Available data:
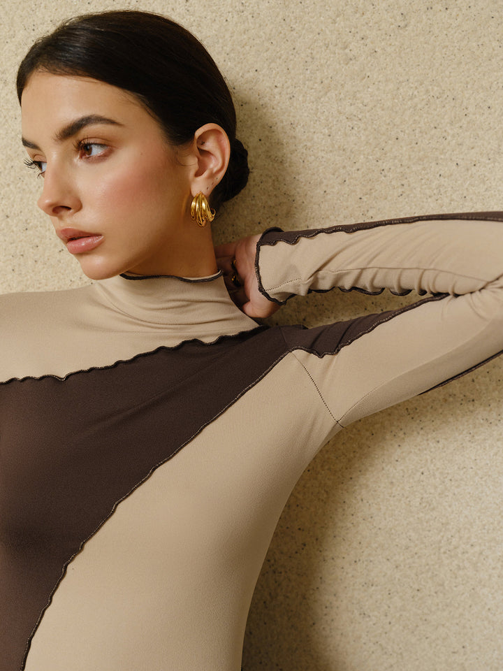 Semi-Sheer Color Block Lettuce Trim Jersey Top
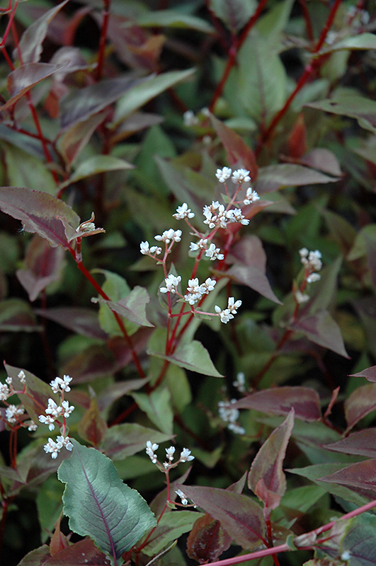Chocolate Dragon Fleeceflower's attractive large pointy leaves remain burgundy in colour with prominent silver stripes throughout the season on a plant with a mounded habit of growth. It has masses of beautiful spikes of white flowers rising above the foliage from early summer to early fall, which are most effective when planted in groupings. The flowers are excellent for cutting.
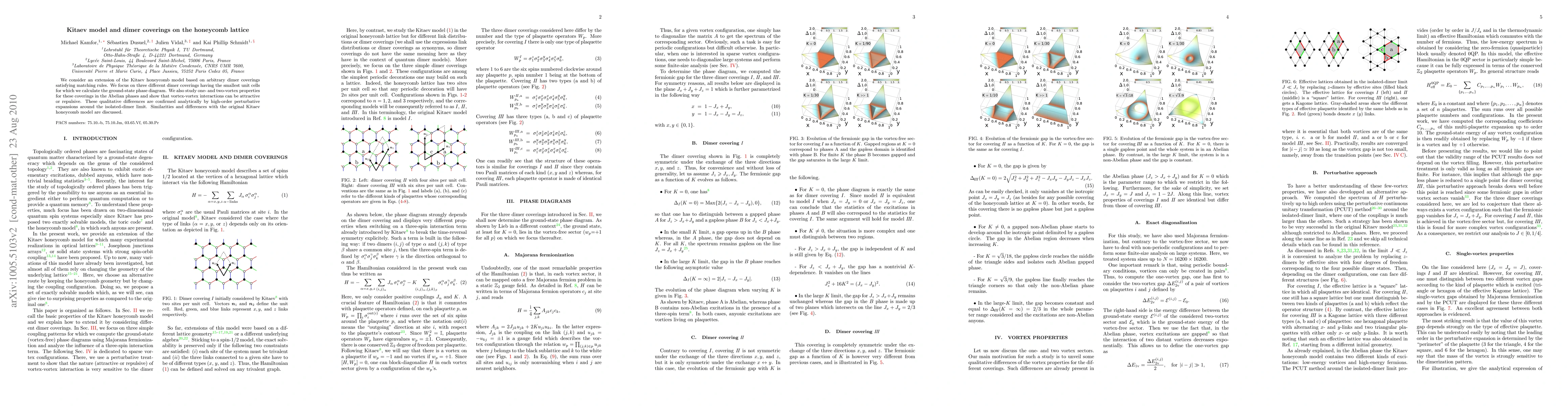 This paper extends the Kitaev honeycomb model by incorporating arbitrary dimer coverings, calculating the ground-state phase diagram for three minimal unit cell coverings, and analyzing vortex interactions which can be either attractive or repulsive, with comparisons to the original Kitaev model. Analytical perturbative expansions validate these findings.

Instructions for the task: The expected output is the exact run of lines from the first line of the material above through the line that contains "Chocolate Dragon Fleeceflower's", minus any pictures.

Completed exercise:
 Semi-Sheer Color Block Lettuce Trim Jersey Top
Chocolate Dragon Fleeceflower's attractive large pointy leaves remain burgundy in colour with prominent silver stripes throughout the season on a plant with a mounded habit of growth. It has masses of beautiful spikes of white flowers rising above the foliage from early summer to early fall, which are most effective when planted in groupings. The flowers are excellent for cutting.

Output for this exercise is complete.